At 750 mV, significant movements were observed with multiple charged groups on S4 (Figure 2a and Figure S1). In particular, the guanidium groups of R210 and R213 moved upward along the membrane normal (z-axis) by up to ∼8 and ∼10 Å, respectively, plateauing after ∼5 μs (e.g., see Figure 2a). Other VSD charges showed much smaller z-displacements. The apparent modest movements of ∼3-4 Å of E219 and R207 seem to be mainly a result of the upshift of S4 itself, which reached a maximum of ∼3 Å during the second half of the simulation (Figure 2b). In contrast, other VSD helices S1-S3 exhibited much smaller z-axis movements (∼1 Å).

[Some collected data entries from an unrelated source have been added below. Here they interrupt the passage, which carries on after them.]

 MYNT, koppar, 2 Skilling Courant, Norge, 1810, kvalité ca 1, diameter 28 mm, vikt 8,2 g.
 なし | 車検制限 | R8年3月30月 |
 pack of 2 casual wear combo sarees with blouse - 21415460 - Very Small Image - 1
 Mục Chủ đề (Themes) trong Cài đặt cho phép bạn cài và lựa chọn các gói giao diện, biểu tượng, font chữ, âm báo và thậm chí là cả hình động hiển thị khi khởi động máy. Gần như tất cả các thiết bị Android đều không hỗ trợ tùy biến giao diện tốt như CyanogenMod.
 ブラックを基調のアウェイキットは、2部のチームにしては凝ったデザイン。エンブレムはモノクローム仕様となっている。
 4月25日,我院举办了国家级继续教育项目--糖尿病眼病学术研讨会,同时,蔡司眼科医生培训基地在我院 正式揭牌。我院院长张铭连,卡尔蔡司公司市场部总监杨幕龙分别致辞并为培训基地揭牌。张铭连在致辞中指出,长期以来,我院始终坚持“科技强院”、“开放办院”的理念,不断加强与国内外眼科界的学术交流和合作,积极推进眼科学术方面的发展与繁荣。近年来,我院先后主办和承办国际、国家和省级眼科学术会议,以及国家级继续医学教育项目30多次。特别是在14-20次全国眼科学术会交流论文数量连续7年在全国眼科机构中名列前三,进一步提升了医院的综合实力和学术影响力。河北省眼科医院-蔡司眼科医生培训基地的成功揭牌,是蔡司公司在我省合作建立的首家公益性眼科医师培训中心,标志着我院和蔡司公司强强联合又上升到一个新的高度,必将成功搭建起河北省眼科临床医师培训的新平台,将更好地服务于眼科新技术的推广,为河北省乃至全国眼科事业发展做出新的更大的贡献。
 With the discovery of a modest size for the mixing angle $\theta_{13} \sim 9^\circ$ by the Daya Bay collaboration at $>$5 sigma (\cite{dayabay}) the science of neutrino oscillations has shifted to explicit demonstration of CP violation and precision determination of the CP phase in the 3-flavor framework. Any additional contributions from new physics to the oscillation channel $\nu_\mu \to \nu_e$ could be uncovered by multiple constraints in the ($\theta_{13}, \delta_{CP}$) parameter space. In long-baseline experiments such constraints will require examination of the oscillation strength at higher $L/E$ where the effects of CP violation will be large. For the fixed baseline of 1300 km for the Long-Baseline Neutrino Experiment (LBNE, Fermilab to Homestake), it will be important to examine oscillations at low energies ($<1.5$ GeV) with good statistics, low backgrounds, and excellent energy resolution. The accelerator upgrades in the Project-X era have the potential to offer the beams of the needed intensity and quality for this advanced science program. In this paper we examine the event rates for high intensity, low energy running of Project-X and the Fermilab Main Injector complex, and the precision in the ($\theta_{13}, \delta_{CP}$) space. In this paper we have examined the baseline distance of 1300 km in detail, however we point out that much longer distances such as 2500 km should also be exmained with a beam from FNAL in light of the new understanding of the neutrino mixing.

As illustrated in supplementary Movie S1, the large charge displacements of R210 and R213 charges with modest S4 movement were enabled by side chain snorkeling.

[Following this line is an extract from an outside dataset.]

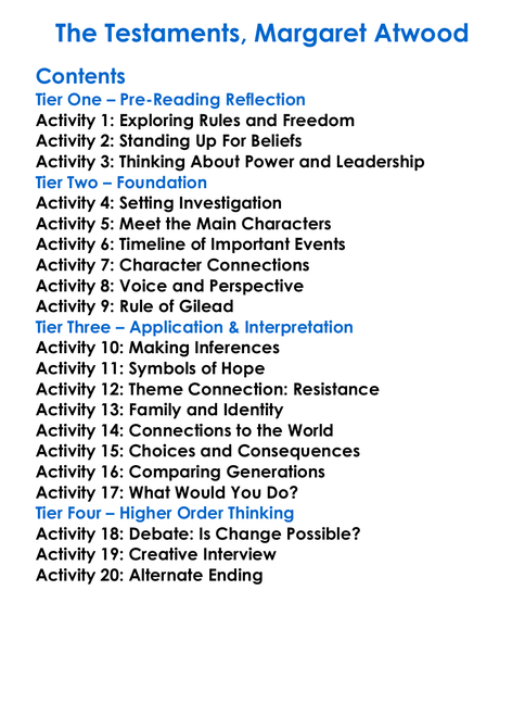 The Testaments Margaret Atwood Worksheet Activity Booklet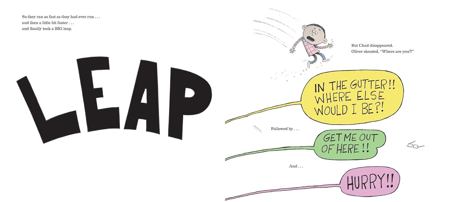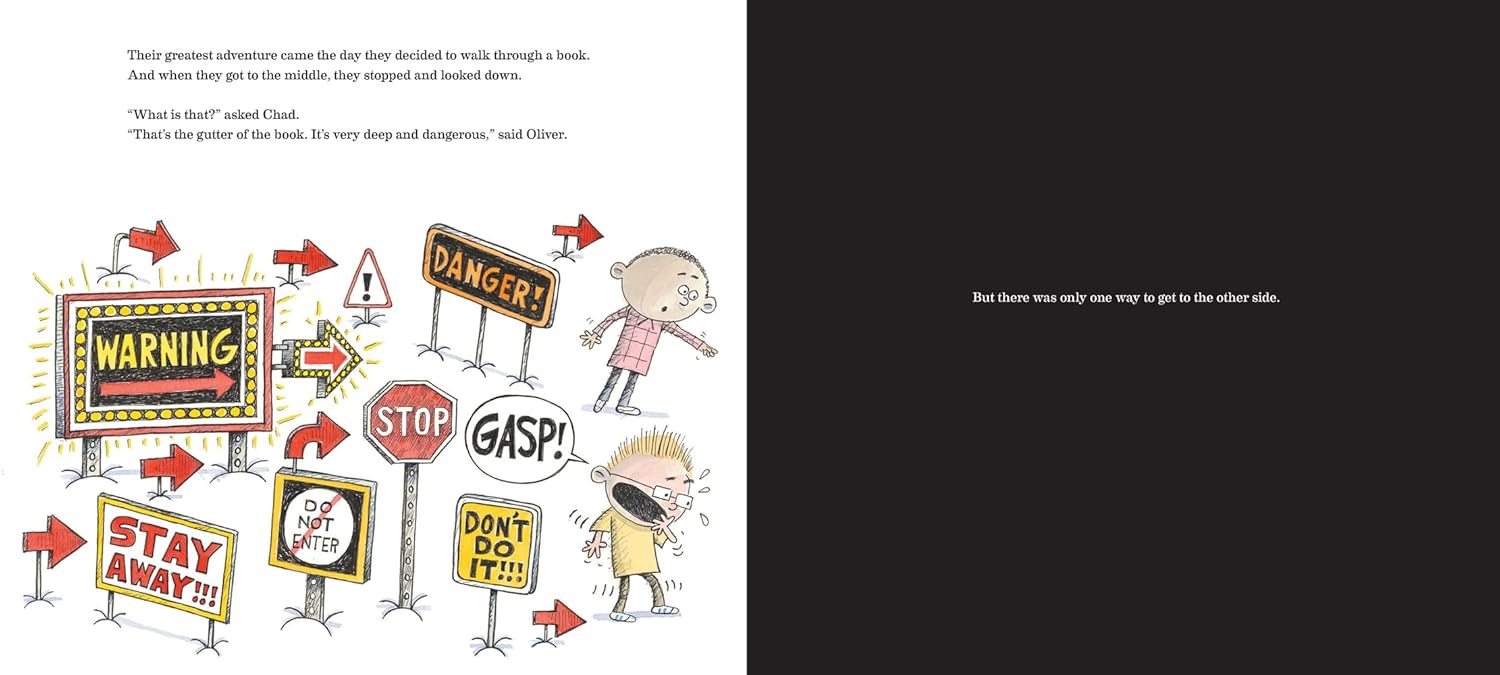 It’s a silly book that brims with cartoon energy reminiscent of The Monster at the End of This Book. Lost in a Book follows the adventure of two friends. Chad and Oliver see all sorts of warning signs as the two approach the gutter of the book. The gutter is that space where two pages join in a deep crevice sealed by the book’s spine. The two are out for an adventure and the only way to get to the other side is to cross the gutter. They get a running start and take a huge leap, but Chad doesn’t make it and gets stuck in the gutter. His glasses are on the ground near Oliver, with his calls for help coming out in speech bubbles from that area you previously didn’t know even had a name.

Voltage activation of Core-MT BK channels.
**a-d)** z-displacement of key side chain charged groups from initial positions, z-displacement of centers-of-mass of VSD helices from initial positions, backbone RMSD of the pore-lining S6 (F307-L325) to the open state, and tilt angles of all TM helices during a 10-μs simulation under 750 mV (*sim2b* in Table S1). The locations of charged groups were taken as those of guanidinium CZ atoms (for Arg) and sidechain carboxyl carbons (for Asp/Glu). Each data point in a-d represents the average of four subunits for a given snapshot (thin grey lines), and the colored thick lines plot the running average. Only residues 313-324 of S6 were include in tilt angle calculation, and the values in the open and closed Cryo-EM structures are marked using purple dashed lines for reference in panel d. e) Superimposition of the initial (0 μs) and final (10 μs) structures of the pore (residues F307-L325; red cartoon), in comparison to the open Cryo-EM structure (cyan cartoon). The view shown is from the bottom (cytosolic side). f) Average pore profiles calculated from the first and last 0.1 μs of *sim2b*, with error bars showing standard error. The pore profile derived from PDB 5tj6 (open state) is shown as a reference.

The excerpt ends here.